Montenegro was elevated to a kingdom in 1910, and the order accordingly became a royal order, though it retained its name and motto.

=== Manufacture ===
The insignia were commissioned from a succession of foreign makers. Under Nikola I the Cetinje archives record orders placed with the Viennese jewellers Gebrüder Resch, Vincent Mayer's Söhne and Christian Friedrich Rothe, with Chobillon of Paris and with Hermann Silberberg of Hamburg; the Roman jeweller Domenico Cravanzola is named as a maker in 1901, and in 1910 the Paris house of Fayolle Pouteau supplied "from 150 to 200 officers' and knights' crosses". The scale of the trade is illustrated by an order of April 1910 to Silberberg for 18 crosses of the first class, 25 of the second, 80 of the third, 100 of the fourth and 150 of the fifth, together with 300 Medals for Zeal, at a cost of 20,020 crowns, and by a delivery from Mayer's Söhne in October 1912 of 20 first-class, 30 second-class, 10 third-class, 38 fourth-class and 60 fifth-class insignia. Examples bearing the marks of Mayer's Söhne and Rothe are preserved in the Odlikovanja collection of the Museum of King Nikola at Cetinje. Since 2005 insignia have been made by Thomas Fattorini Ltd of Birmingham.
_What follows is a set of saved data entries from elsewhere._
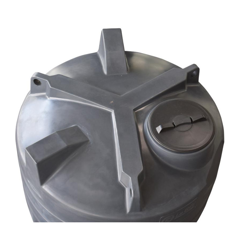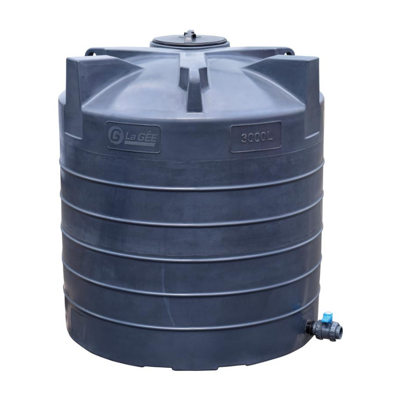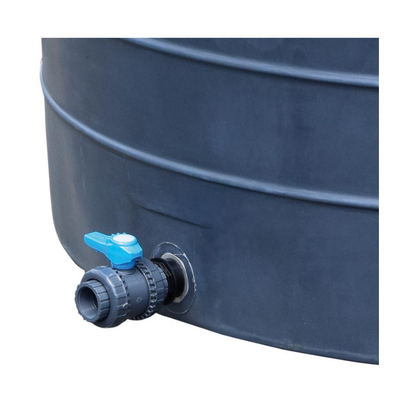 OberirdischerTank, der für die Regenwassernutzung oder die Lagerung von Flüssigkeiten mit einer maximalen Dichte von zu 1,2 entwickelt wurden. Diese Tanks sind aus Kunststoff (hochdichtem Polyethylen) rotationsgeformt, UV- und frostbeständig, unverweslich und Desinfektions- und Reinigungsmittelsbeständig. Ihre undurchsichtige Farbe begrenzt die Auswirkungen von UV-Strahlen auf die Temperatur der gelagerten Flüssigkeiten, was Algenbildung vermeidet. Die Tanks sind Monoblock und verfügen über eine in den Deckel eingesetzte Belüftung im oberen Bereich. Sie verfügen über ein Vierteldrehungsventil, dessen Durchmesser je nach Ausführung unterschiedlich ist und über eine nicht durchgehende Vorrüstung für die optionale Aufnahme eines zweiten Ventils.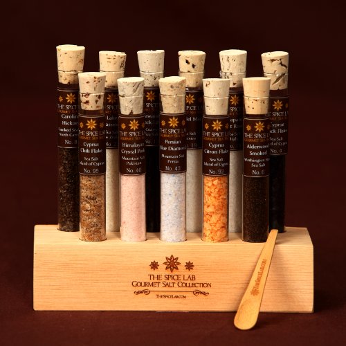 The salt collection includes 11 Pyrex test tubes with natural cork stoppers. A handmade base from reclaimed shipping pallets.Salts in Assortment Variety #2 Chardonnay Oak Smoked - Black Hawaiian - Hickory Smoked - Japanese Aguni - Himalayan Pink - Cyprus Flake Black - Sicily \"Salt Road\" Trapani - Sal del Mar Manzanilla Mexico - Persian Blue Diamond - Alderwood Smoked - Lake Grassmere New Zealand - The wooden base is handcrafted from discarded shipping pallets. Manufactured in USA. Each and every Check Tube contains .8 to one.three Oz of salt dependent on the density of every salt. A Wonderful Present to any Gourmet.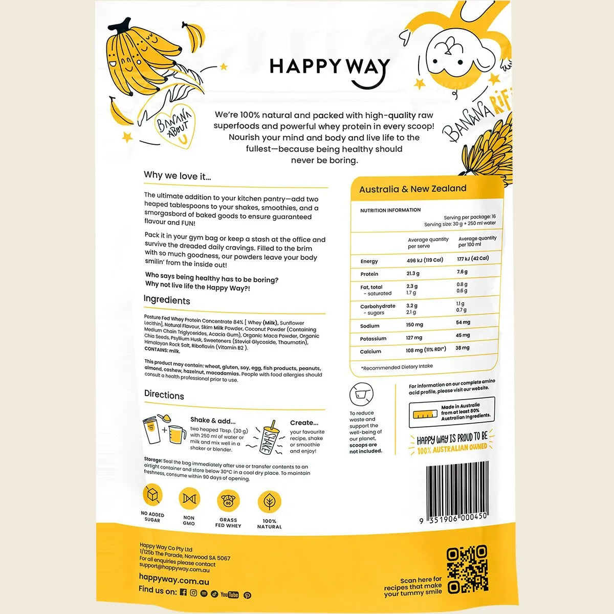 Happy Way Banana Bonanza Whey Protein Powder gives you a clean, nourishing and delicious banana-flavoured protein shake to help fuel your day, recover faster and enjoy a great-tasting boost anytime.

=== Exile and continuation as a dynastic order ===
Following the Austro-Hungarian occupation of 1916 and the Podgorica Assembly of 1918, which declared Montenegro's union with Serbia, King Nikola I continued to confer the order and the other Montenegrin decorations from exile in France, as the archival record amply shows; after his death in 1921 the practice was continued by Queen Milena and by his grandson Michael, the last Montenegrin king. In September 1920 the government in exile confirmed to the command of the Montenegrin troops at Gaeta the ribbons to be worn with each decoration, including that of the Order of Danilo. The order has since been maintained by the successive heads of the Royal House of Petrović-Njegoš as a dynastic order, that is, one conferred in the personal gift of the head of a royal house rather than by a state.
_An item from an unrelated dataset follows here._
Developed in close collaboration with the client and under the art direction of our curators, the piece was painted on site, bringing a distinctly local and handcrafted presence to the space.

The dynasty's position in Montenegro was addressed by the Law on the Status of the Descendants of the Petrović Njegoš Dynasty, adopted by the Parliament of Montenegro in 2011, which recognised the historical role of the dynasty and established a foundation to support it. The order's Statute is published in the Official Gazette of Montenegro on the authority of Article 3 of that law. A Statute of the "Danilo Order" was published in 2015, and the present Statute was published on 7 August 2026 repealing the 2015 text. Its preamble recites the foundation of the order on 23 April (5 May) 1853, its confirmation and amendment by the decrees of 1861 and 1873 and by statutes of 1913, 2004 and 2015, and the aim of preserving the values on which the founder based it, dedicating it to the independence of Montenegro. Persons decorated under the 2015 Statute retain their dignities and are entered in the Register according to a correspondence of classes fixed by the Grand Master.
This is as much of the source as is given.